Nice catch by the lefties at Mother Jones, delivering a hammer blow to the wedge of suspicion that already separates the GOP base from its congressional leadership on amnesty. There’s no immigration passage in Joni Ernst’s speech; there is one in Carlos Curbelo’s version, written and inserted by Curbelo himself — with the approval of GOP leaders.
In an interview after the speech, Curbelo said he chose to focus on immigration as well as other issues personally important to him – such as education and Cuba – aside from the party’s broader economic message that was reflected in Ernst’s rebuttal.
He had asked for a copy of Ernst’s prepared remarks a few days in advance of Tuesday’s address, and then made his own additions, including the references to immigration. Leadership saw the remarks beforehand and were fine with them, Curbelo said. “I did not get any pushback whatsoever.”

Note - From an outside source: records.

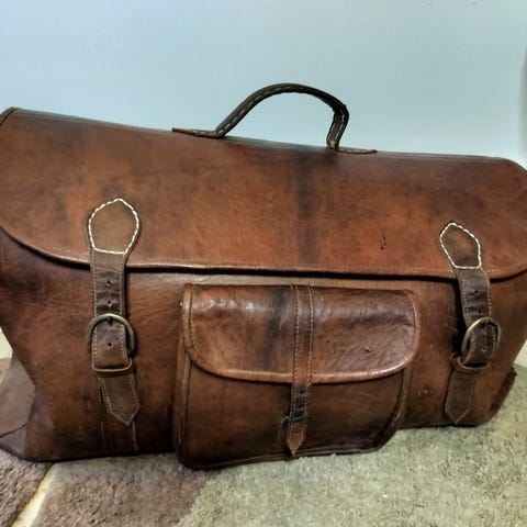 Antik Kuffert, Læder, 70 år gl., Super flot vintage kuffert med mange mange rejsemærker.
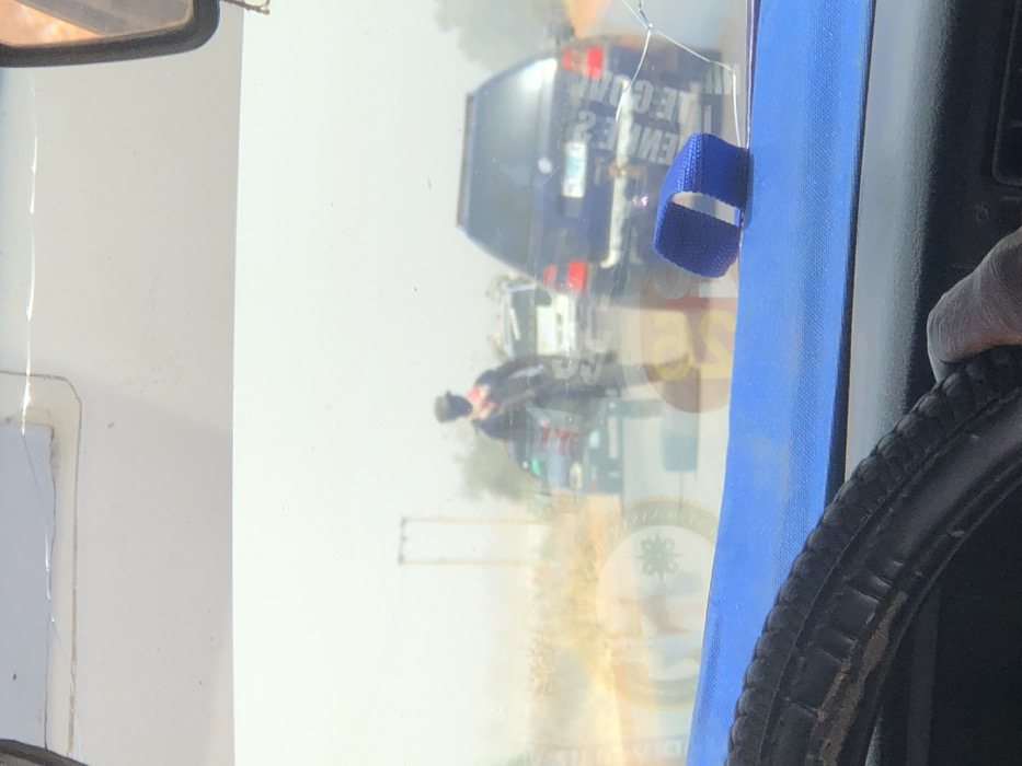 The image displays a dusty road scene in Dan Tatashi, Nigeria, captured from the interior perspective of a vehicle
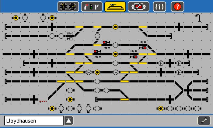 – Die ‚Kreise‘ stehen für Fahrtrassen-Schaltungen (ausgemalte Kreise stehen für aktive Fahrstrassen)
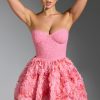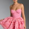 Ethereal elements meet classic corsetry with the Evanthe mini dress. A one-of-a-kind piece that’s designed to attract all eyes your way, it features a fully embellished boned bodice and falls to a frothy A-line mini skirt adorned with custom-made tulle rosettes: each one is lovingly hand-applied to create a striking three-dimensional finish. The sweetheart neckline is anchored by delicate detachable straps, allowing you to create multiple looks.

If they wanted an immigration section, okay, but it was awfully stupid to greenlight it for Curbelo without insisting that Ernst include it too. Given conservatives’ well-founded fears that the GOP is prepared to sell out their concerns on amnesty in order to ingratiate themselves with Latino voters, having Ernst and Curbelo deliver different messages for English and Spanish speakers is far dumber than having each of them deliver the same few anodyne platitudes on the subject. And for cripes sake, if you’re going to pander on immigration reform, couldn’t you at least compensate a bit by emphasizing that executive action isn’t the way to go about it? Ernst’s speech contains one brief allusion to that, in all of six words: “We’ll work to correct executive overreach.” If you asked 100 Americans on the street to define “executive overreach,” maybe five could do it. She might as well not have mentioned it at all.
Incidentally, here’s how Politico translates the immigration section of Curbelo’s speech:
“We should also work through the appropriate channels to create permanent solutions for our immigration system, to secure our borders, modernize legal immigration, and strengthen our economy,” said Curbelo in Spanish. “In the past, the president has expressed support for ideas like these. Now we ask him to cooperate with us to get it done.”
The translation in the clip below, from American Bridge, doesn’t mention the part about securing the borders. Neither does Mother Jones’s translation. I think Politico is right, though: I can understand only bits and pieces of Spanish but it sounds like he says “asegurar nuestras fronteras” just before he mentions “modernizing” the immigration system. It’d be more of a scandal if Curbelo omitted border security when addressing a Spanish-language audience. He didn’t.
Speaking of which, the House GOP’s new “security first” bill is “security first” in the sense that they’re going to pass it before they pass an amnesty bill, not that it’ll actually be implemented before they pass a security bill. That’s worth … not much, huh?